I'm not sure I fully understand. All of the pollers run in the background automatically. The result of the last polling cycle is visible under HUM > Poller and Template Management > Poller Management (if there were any errors, they will be visible in the Status column).


Can you point out exactly where you're seeing the 30 minute delay? A screenshot would be helpful.

tech_trac Sat, 08/29/2009 - 13:53
User Badges:

I have attached the screenshot.


If I go to Poller -> Poller management -> Select an already defined Poller (with 20+ devices and 7 templates) -> Edit -> Click Next or Finish, it starts polling and shows the attached screen.


Secondly, is the previous run successful if there are no errors in the Status column. Should all errors be looked into such as instance not available etc.




Joe Clarke Sat, 08/29/2009 - 14:01
User Badges:
  • Cisco Employee,
  • Hall of Fame,

    Founding Member

What templates did you select? What type of devices are in this poller? How heavily loaded is the server? HUM will attempt to walk the various tables (as defined by the templates) to obtain the selected (or all) instances. If the devices are slow to respond to SNMP queries for the tables in question, or the server is heavily loaded, this can take a long time.

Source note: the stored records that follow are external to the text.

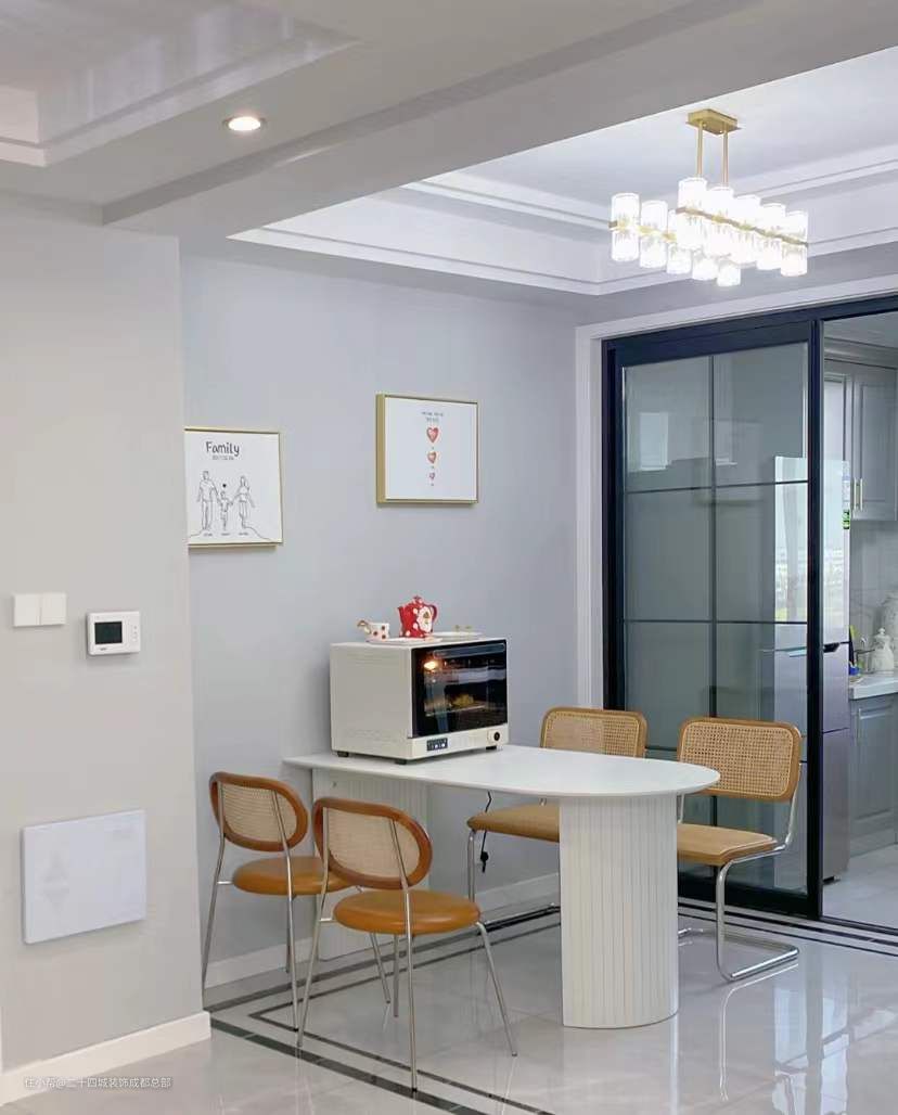 餐桌是ins款,整体都是白色,非常的百搭,随便什么风格都能往里放,桌腿上的拉槽处理,增加更多的设计感,用简单的形式变化,做差异化的表现,让餐厅可以更加时尚。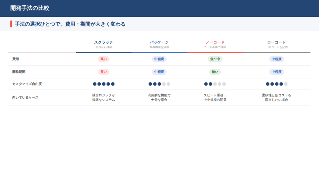 開発手法ごとの費用感は大きく異なるため、「何を実現したいか」を整理したうえで、最適な手法を選ぶことがコスト削減の第一歩です。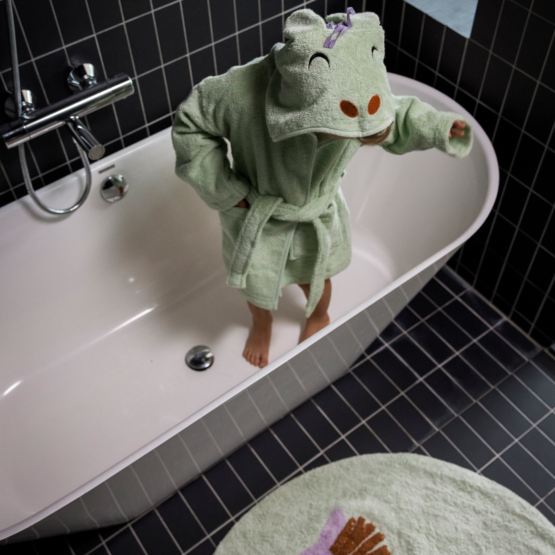 The Heppa bathrobe is suitable for children around six years old or 120 cm tall. Made of 100 % cotton terry.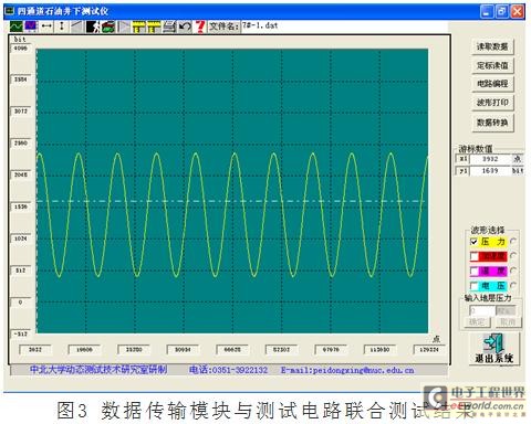 在系统测试中,利用信号发生器产生输入信号为正弦波,频率10Hz,测试系统的采样频率125Ksps,通过系统电路采样,存储,数据通过传输模块传入计算机,根据采集数据恢复的信号与原始信号比较,失真较小,噪声水平低,采集数据的有效位数达到12位,实验结果表明,实际的传输速率120Mbps,满足了测试系统的数据传输要求。与实验测试系统联合调试,实际采样波形如图3所示。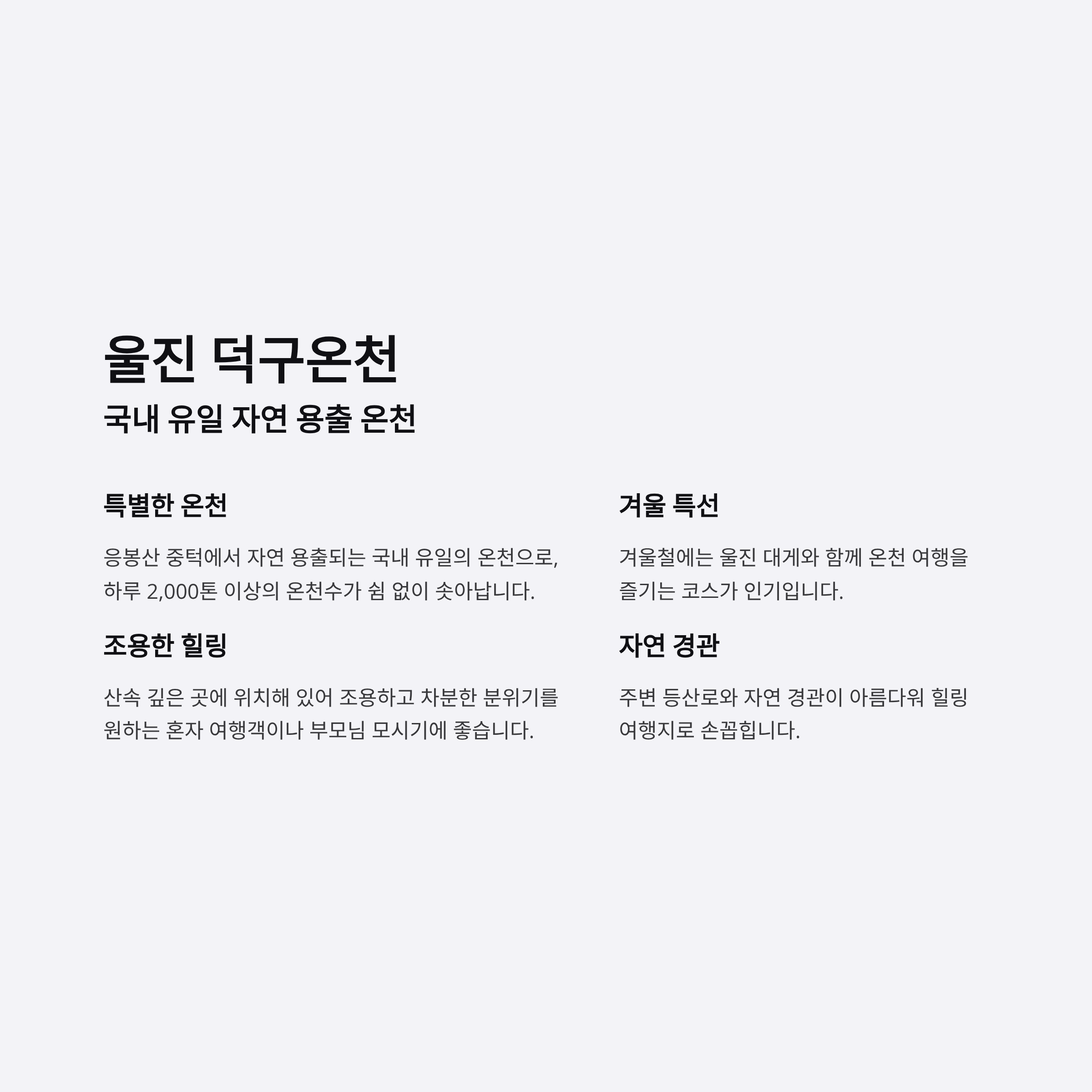 겨울철에는 울진 대게와 함께 온천 여행을 즐기는 코스가 인기이며, 주변 등산로와 자연 경관이 아름다워 힐링 여행지로 손꼽힙니다.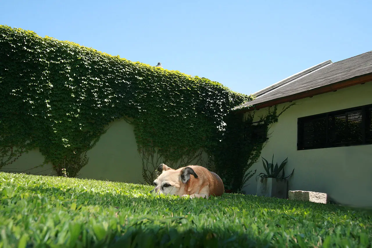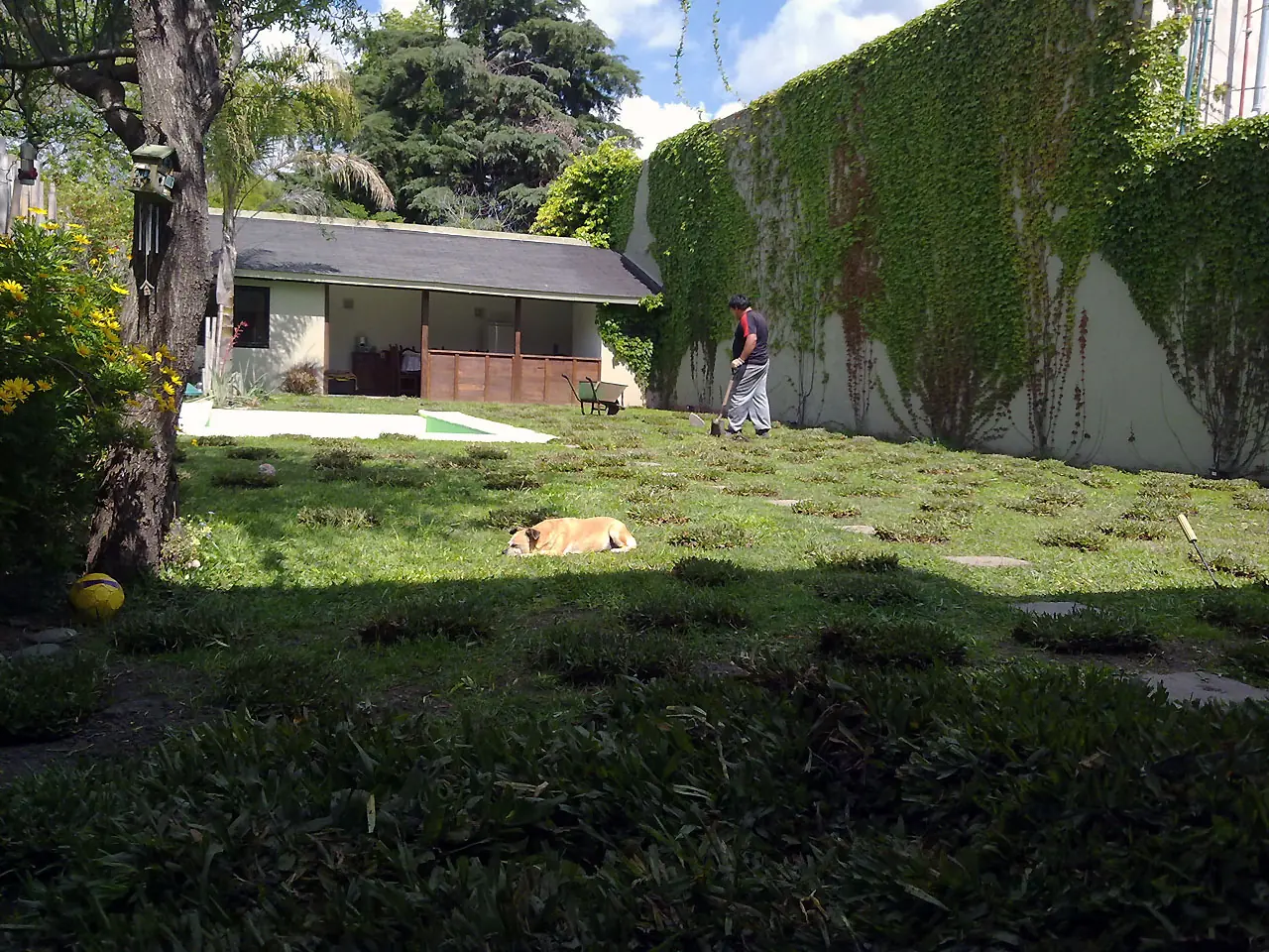 36) Detalle de la parte de adelante con la grama a full, nuestra perra y la ampelopsis al fondo.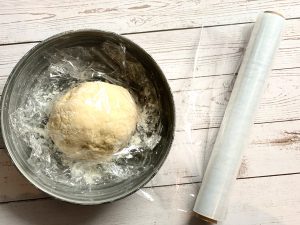 • Den Teig mit Frischhaltefolie abdecken und 30 Minuten ruhen lassen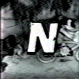 A mischievous black-and-white cartoon mashup, like Tom and Jerry got stuck in a cosmic TV screen. In the middle, a bold, slightly wonky 'N' slaps itself over them, like it's crashing the scene without permission. Pure vintage chaos in space
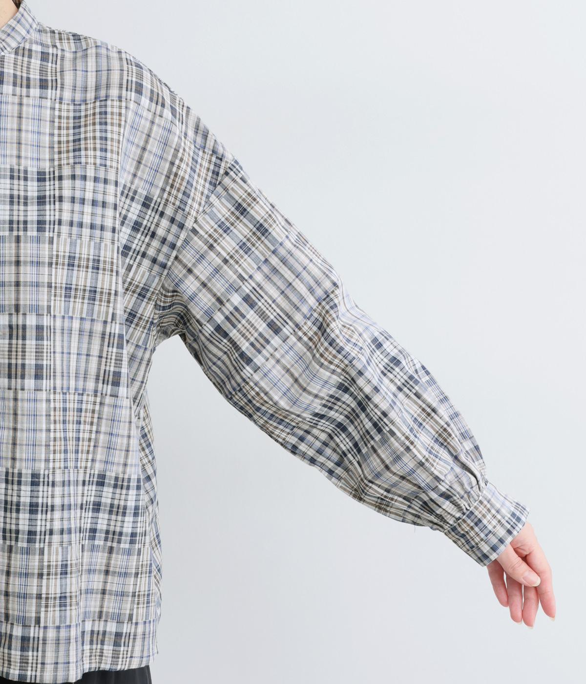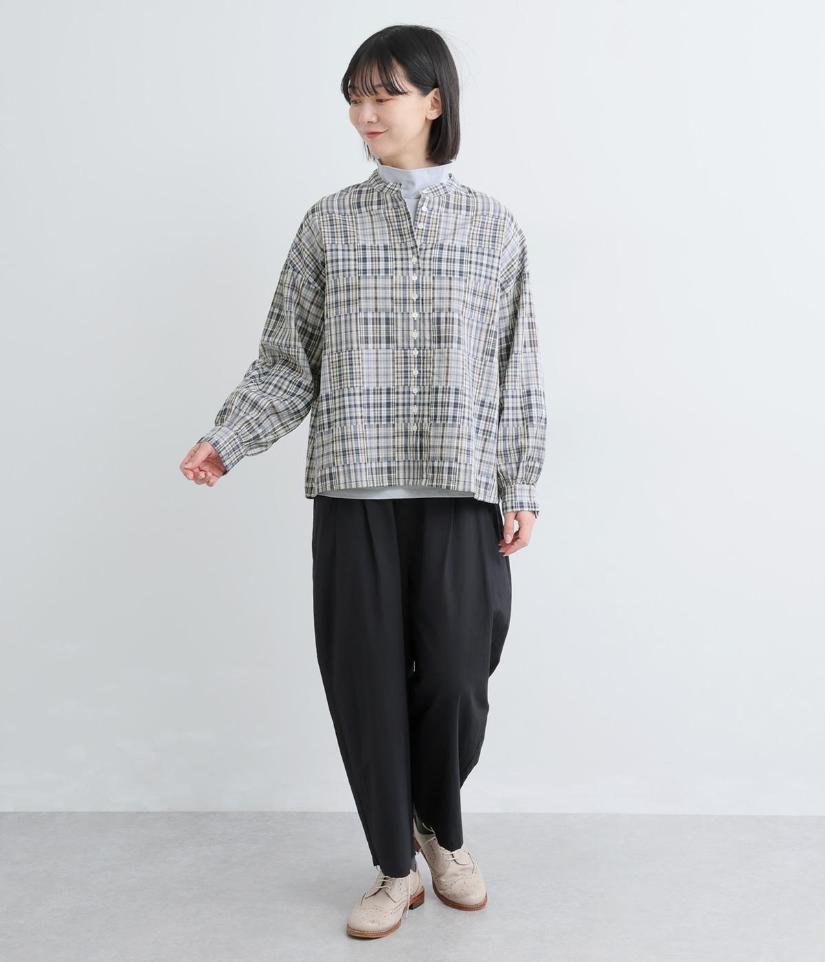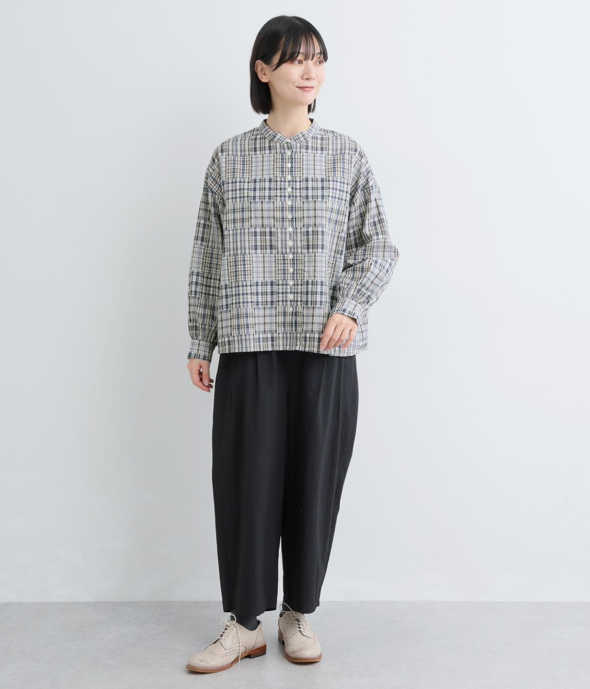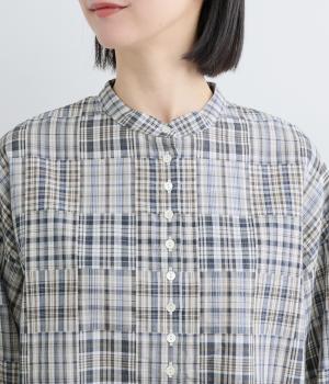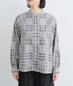 細かなチェック柄のパッチワークパターンがナチュラルな印象を与えるブラウス。すっきりとした首元とゆるやかなシルエットで上品に着こなせます。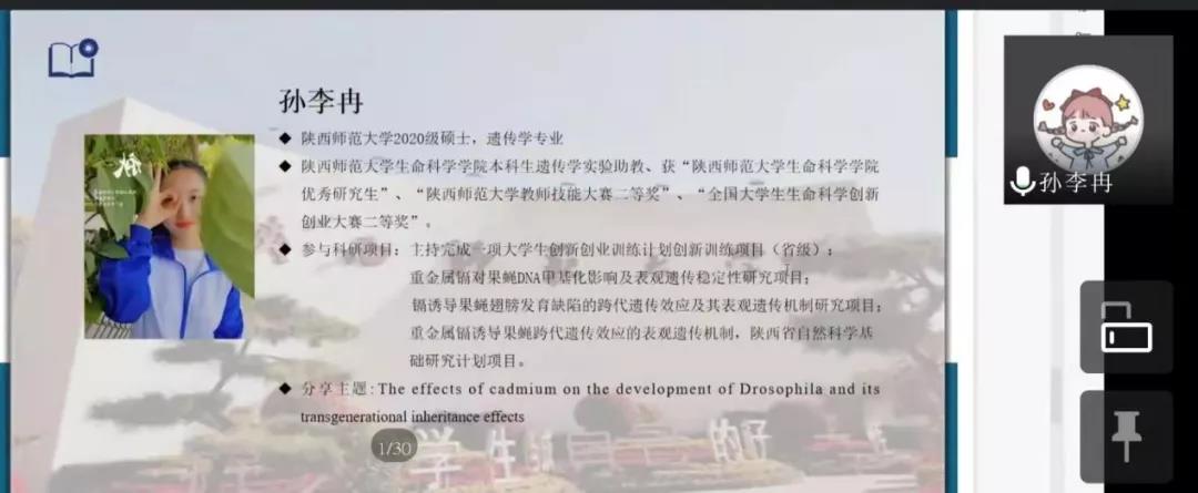随后,宋莉就“T6SS-3分泌的microcin核酸酶Tce1非接触依赖杀菌功能的研究”课题为大家讲述了有关细菌的专业知识。于海洋从个人简介、科研素养、员工工作三方面为大家分享了自己在研究生阶段学习的心得体会,并给出实验前要写计划、实验后要做记录等实践性建议。左卓为大家讲解了有关关节炎治疗的研究方法及成果。周通给大家分享了关于武当木兰的相关性研究。最后孙李冉就“镉诱导果蝇发育缺陷的跨代遗传效应及其表观遗传机制研究”这一课题,跟大家探讨了其研究背景和研究内容。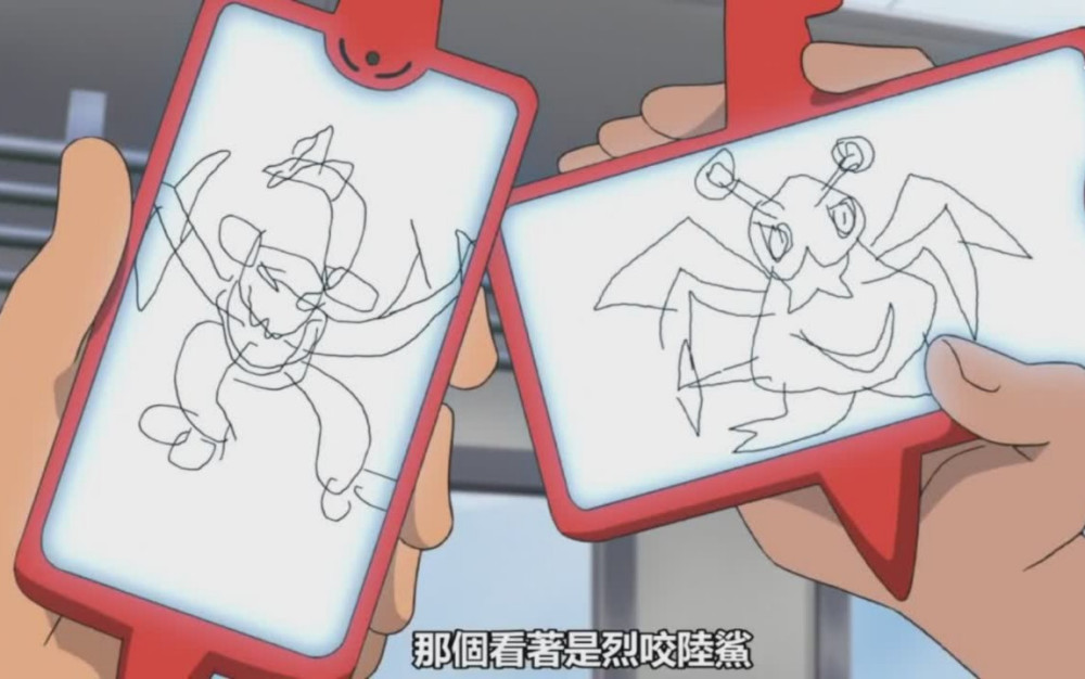 在新无印22集开头,我们看到小智与小豪两人在比赛“烈咬陆鲨”的画画,看谁画得比较像?结果当小编看到这两人的画画作品,彻底被震惊到了,这两人的画风简直了,根本就难分高下。

Yes, if no errors are seen, then all instances were successfully polled for the previous polling cycle. No such instance errors can point to an SNMP problem on the device, but it could also be that high-capacity counters weren't available for a specific interface, so HUM fell back to low-capacity counters. This is only true for interface utilization.

tech_trac Sat, 08/29/2009 - 17:19
User Badges:


I have selected CPU, Memory, Interface Utilization, Temperature, Device Availability, Interface Availability, Interface Error templates.


There are 27 devices including ASA, ACE Modules, Cat65K, 2800 Routers, GSS, FWSM.


The server performance seems to be the cause. CPU is constantly 1% but the 'PF Usage' is 5.44 GB. The physical memory on the server is 4GB out of which 500MB is available while the process is running. How can I reduce the PF Usage.



Joe Clarke Sat, 08/29/2009 - 20:01
User Badges:
  • Cisco Employee,
  • Hall of Fame,

    Founding Member

PF usage is probably not the issue. The issue most likely stems from time take to poll the devices. If you start a sniffer trace filtering on SNMP traffic to all of the devices in the poller, then trigger the problem, the resulting capture file should shed some light on the delay.

tech_trac Sat, 08/29/2009 - 22:30
User Badges:

Ok.


In the ASA logs, I see the following in big number


ASA-3-212005: incoming SNMP request (563 bytes) from IP address HUMIP Port 1745 Internet "management" exceeds data buffer size, discarding this SNMP request.


What does this mean ?

Joe Clarke Sat, 08/29/2009 - 22:33
User Badges:
  • Cisco Employee,
  • Hall of Fame,

    Founding Member

The SNMP request is too large for the device to process. This has to do with the number of templates in your poller. Try breaking the templates out into separate pollers (e.g. one poller to handle memory, CPU, and environment, one to handle interface utilization, one to handler errors, and one for availability).

tech_trac Sat, 08/29/2009 - 22:45
User Badges:

I just added a single ASA device with CPU Utilization only.


The response came soon with


"No instances are found in the devices. This could be because the device is unreachable, or the device does not have the instances for the selected templates or the time out value is low."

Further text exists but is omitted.